Father Murphy walks into a pub in Donegal, and asks the first man he meets, 'Do you want to go to heaven?'

The man said, 'I do, Father.'

The priest said, 'Then stand over there against the wall.'

Then the priest asked the second man, 'Do you want to go to heaven?'

'Certainly, Father, ' the man replied.

'Then stand over there against the wall, ' said the priest.

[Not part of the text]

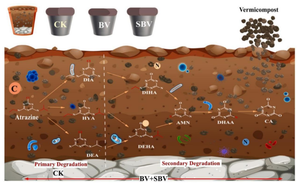 研究團(tuán)隊(duì)通過室內(nèi)盆栽實(shí)驗(yàn),結(jié)合高通量測序、液相色譜-質(zhì)譜聯(lián)用(LC-MS)和冗余分析(RDA)等技術(shù),系統(tǒng)分析了蚯蚓糞堆肥和牛糞堆肥對黑土中農(nóng)藥降解效率、微生物群落結(jié)構(gòu)及其代謝路徑的影響,并對比了不同土壤類型(黑土與鹽堿土)中堆肥的作用差異。研究明確了關(guān)鍵環(huán)境因子與微生物代謝的耦合機(jī)制,具體發(fā)現(xiàn)包括:蚯蚓糞堆肥雖未顯著提升莠去津母體的去除率,但使其初級(jí)代謝產(chǎn)物(HYA、DIA、DEA)總量降低了38.67%,并檢測到5種次級(jí)降解產(chǎn)物(如DIHA、CA等),表明其加速了莠去津的深度降解。添加蚯蚓糞堆肥使乙草胺降解率提高10.81%,半衰期縮短至8.41天,并顯著改變了細(xì)菌群落組成。在黑土中添加4%(質(zhì)量比)牛糞堆肥,可使咪唑乙煙酸降解率提高12.58%,半衰期縮短53.37%。對比發(fā)現(xiàn),土壤類型是影響修復(fù)效果的關(guān)鍵因素:在鹽堿土中,牛糞堆肥反而抑制了咪唑乙煙酸的降解。

Then Father Murphy walked up to O'Toole and asked, 'Do you want to go to heaven?'

O'Toole said, 'No, I don't Father.'

The priest said, 'I don't believe this. You mean to tell me that when you die you don't want to go to heaven?'

O'Toole said, 'Oh, when I die, yes. I thought you were getting a group together to go right now.'

---------------------------

Paddy was in New York.

He was patiently waiting and watching the traffic cop on a busy street crossing. The cop stopped the flow of traffic and shouted, 'Okay, pedestrians.' Then he'd allow the traffic to pass.

He'd done this several times, and Paddy still stood on the sidewalk...

After the cop had shouted, 'Pedestrians!' for the tenth time, Paddy went over to him and said, 'Is it not about time ye let the Catholics across?'

-----------------------------

Gallagher opened the morning newspaper and was dumbfounded to read in the obituary column 20 that he had died. He quickly phoned his best friend, Finney.

'Did you see the paper?' asked Gallagher. 'They say I died!!'

'Yes, I saw it!' replied Finney. 'Where are ye callin' from?'

----------------------------

An Irish priest is driving down to New York and gets stopped for speeding in Connecticut. The state trooper smells alcohol on the priest's breath and then sees an empty wine bottle on the floor of the car.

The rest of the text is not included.